### Task prompt
Your job is to return the whole listing unchanged while skipping its images.

### Information supplied
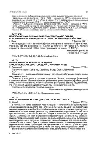 Выписка из протокола № 15 заседания Акмолинского уездно-городского комитета РКП(б). [г. Акмолинск]. 9 февраля 1921 г. // ГАНО. Ф.п. 1. Оп. 1. Д. 215. Л. 6а. Машинописная копия.
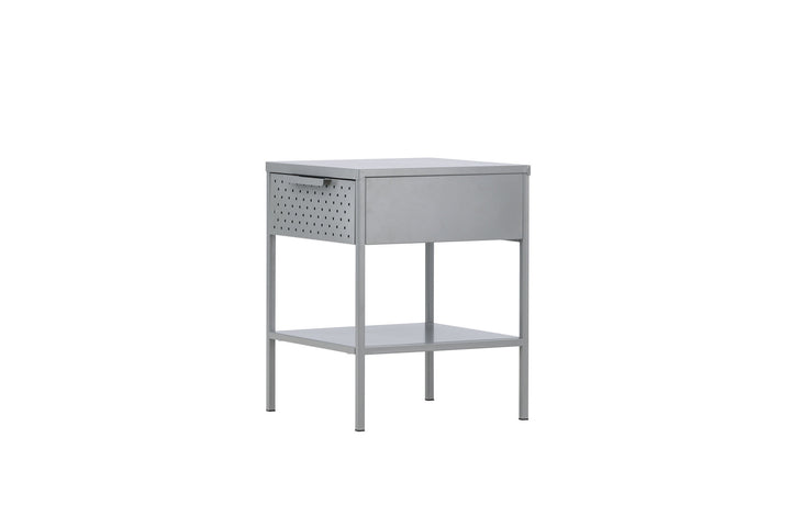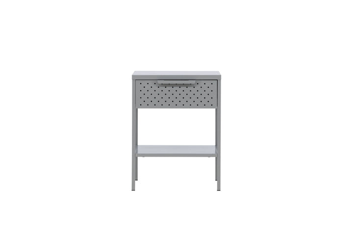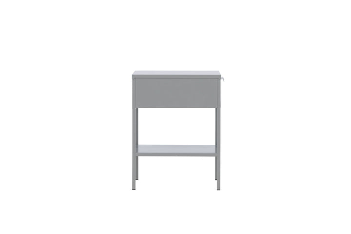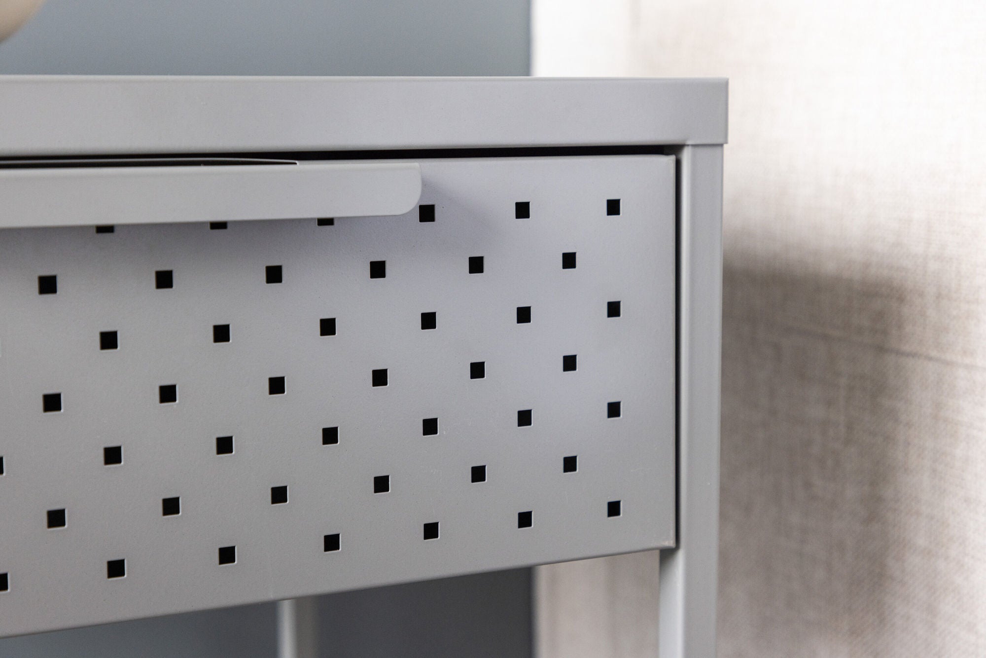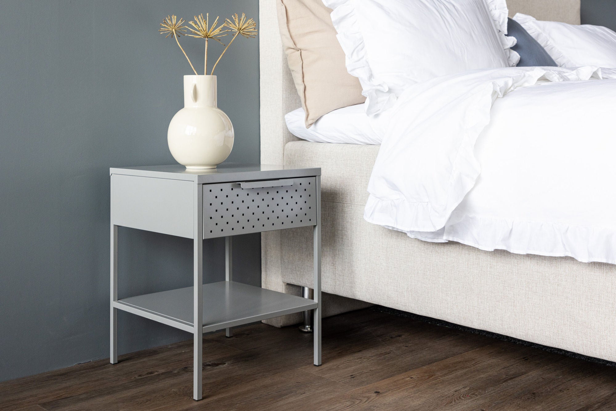 Die Oberfläche aus pulverbeschichtetem Stahl in Hellgrau verleiht dem Sacramento Nachttisch eine elegante Note. Er fügt sich harmonisch in bestehende Einrichtungskonzepte ein oder setzt einen bewusst gesetzten Kontrast – immer ein echter Blickfang.
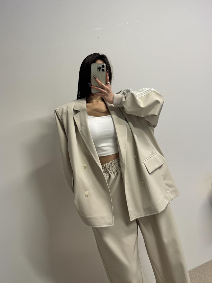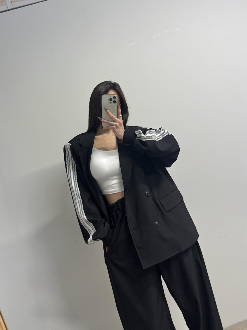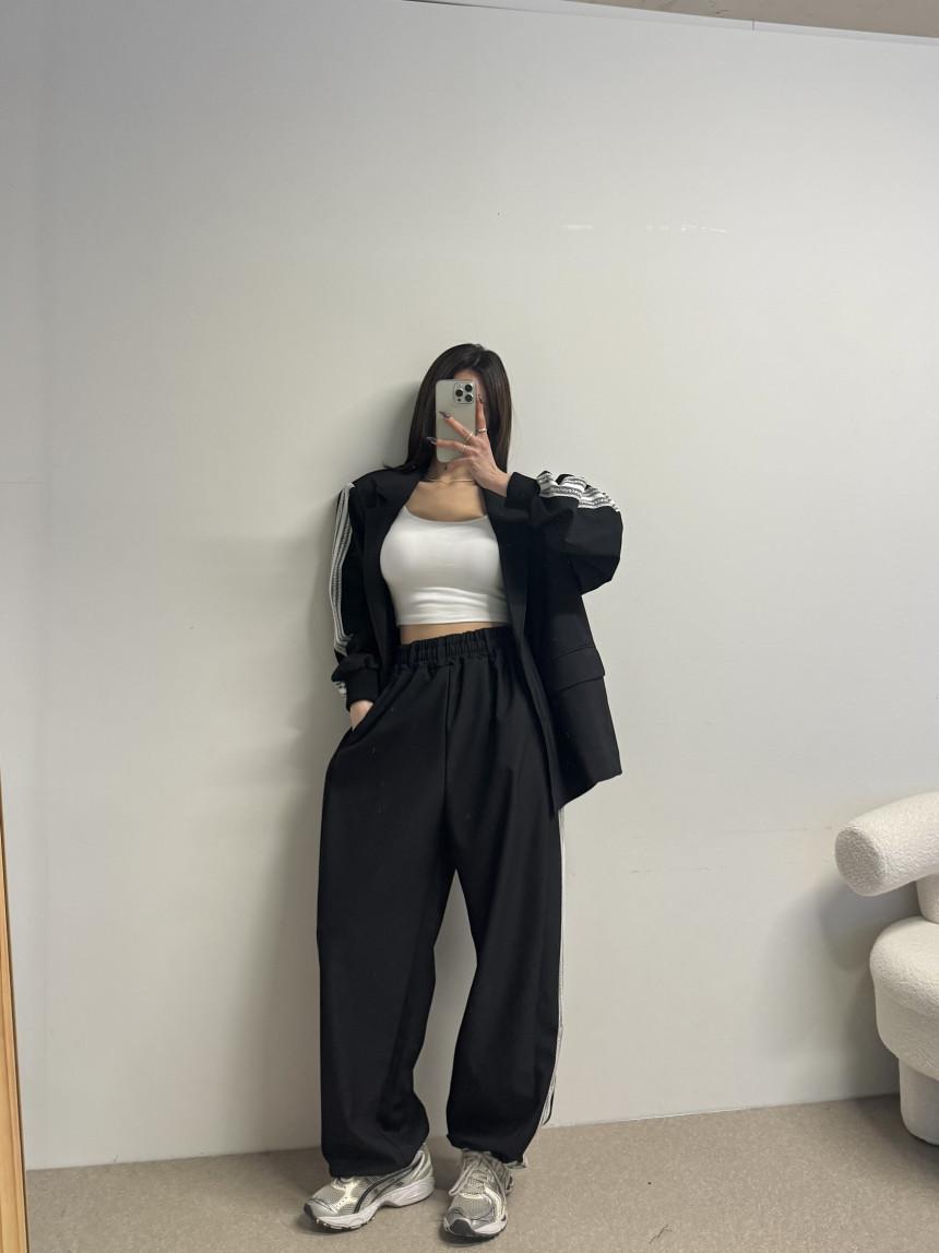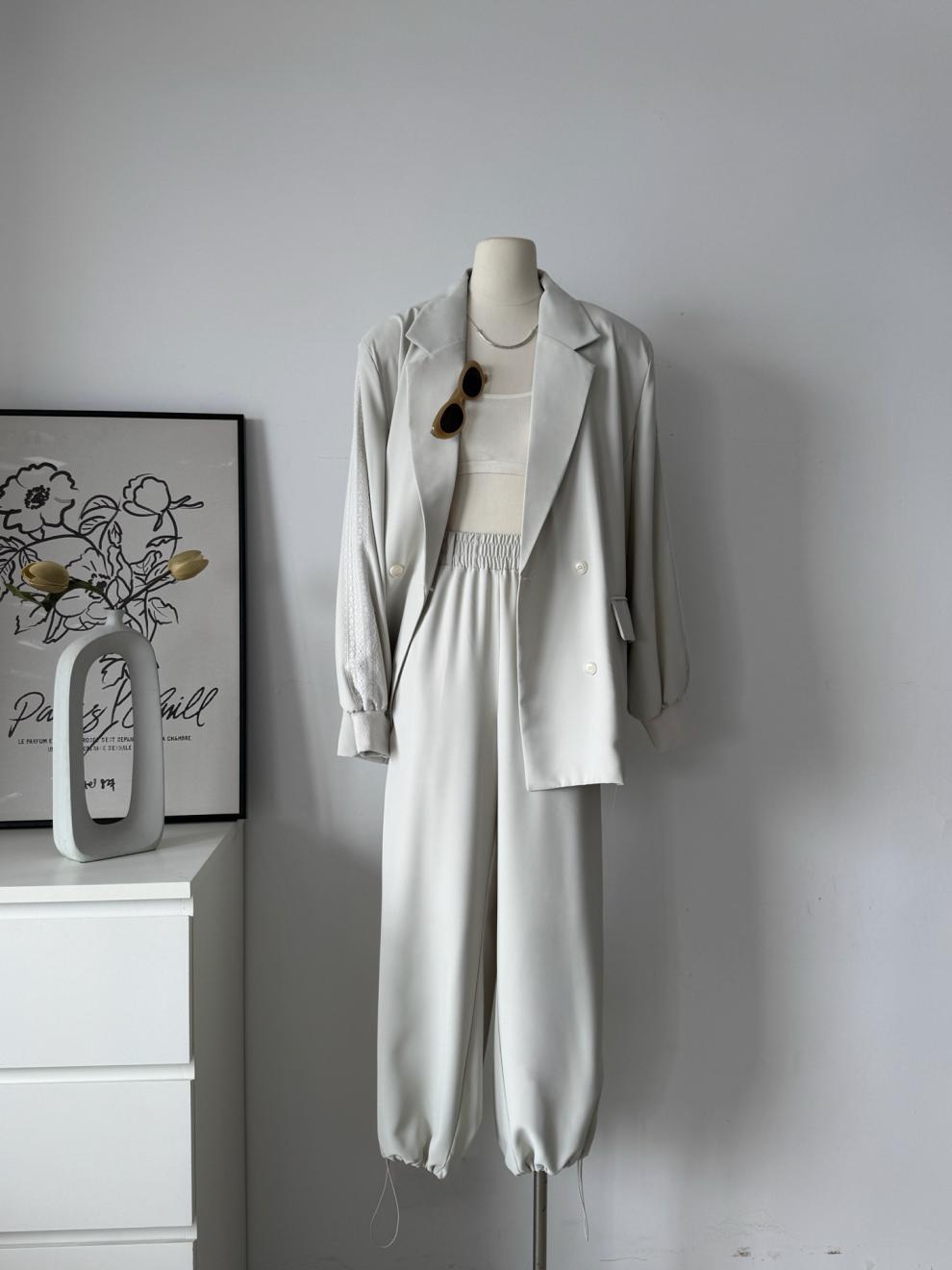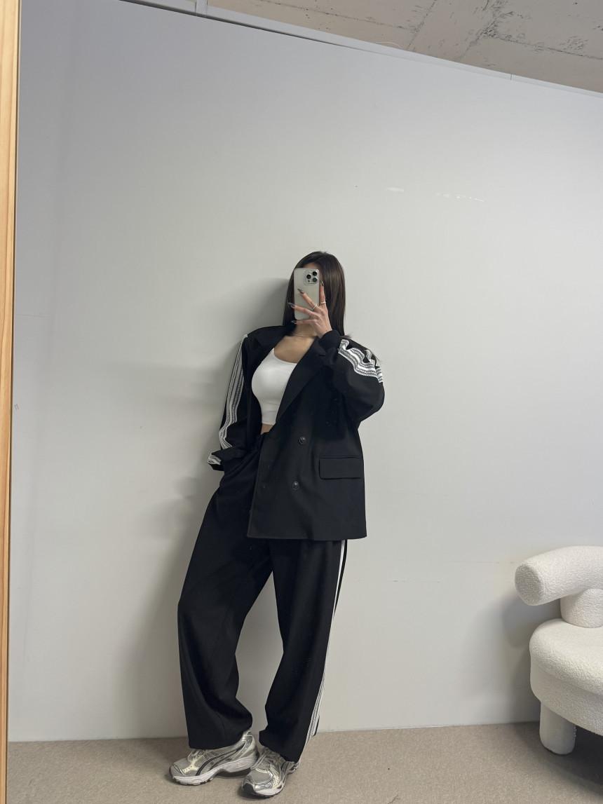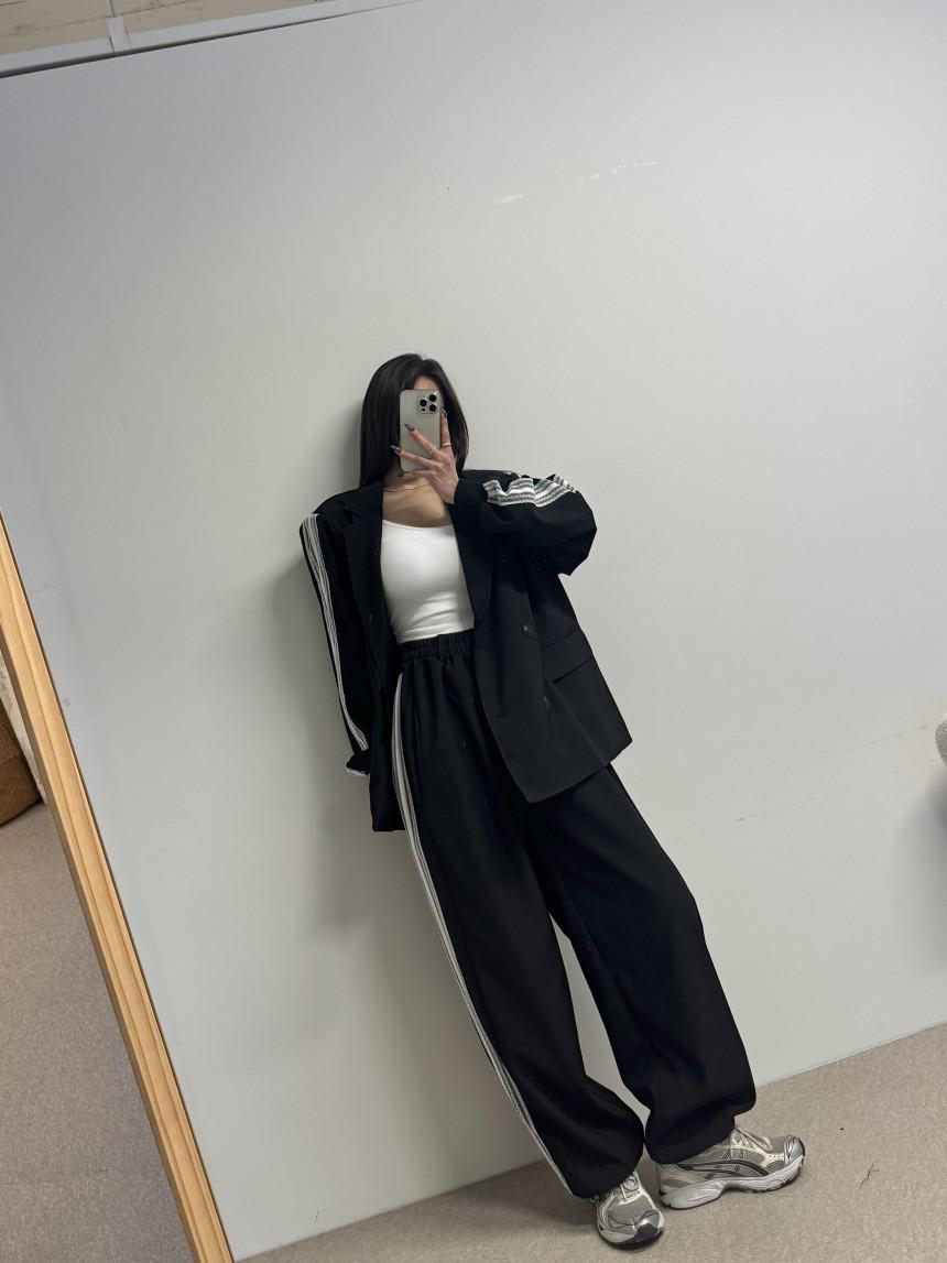 Traje Blazer de Moda Coreana de Alta Gama para Mujer Estilo Deportivo + Pantalones de Pierna Ancha

### Answer for the task
 Выписка из протокола № 15 заседания Акмолинского уездно-городского комитета РКП(б). [г. Акмолинск]. 9 февраля 1921 г. // ГАНО. Ф.п. 1. Оп. 1. Д. 215. Л. 6а. Машинописная копия.
 Die Oberfläche aus pulverbeschichtetem Stahl in Hellgrau verleiht dem Sacramento Nachttisch eine elegante Note. Er fügt sich harmonisch in bestehende Einrichtungskonzepte ein oder setzt einen bewusst gesetzten Kontrast – immer ein echter Blickfang.
 Traje Blazer de Moda Coreana de Alta Gama para Mujer Estilo Deportivo + Pantalones de Pierna Ancha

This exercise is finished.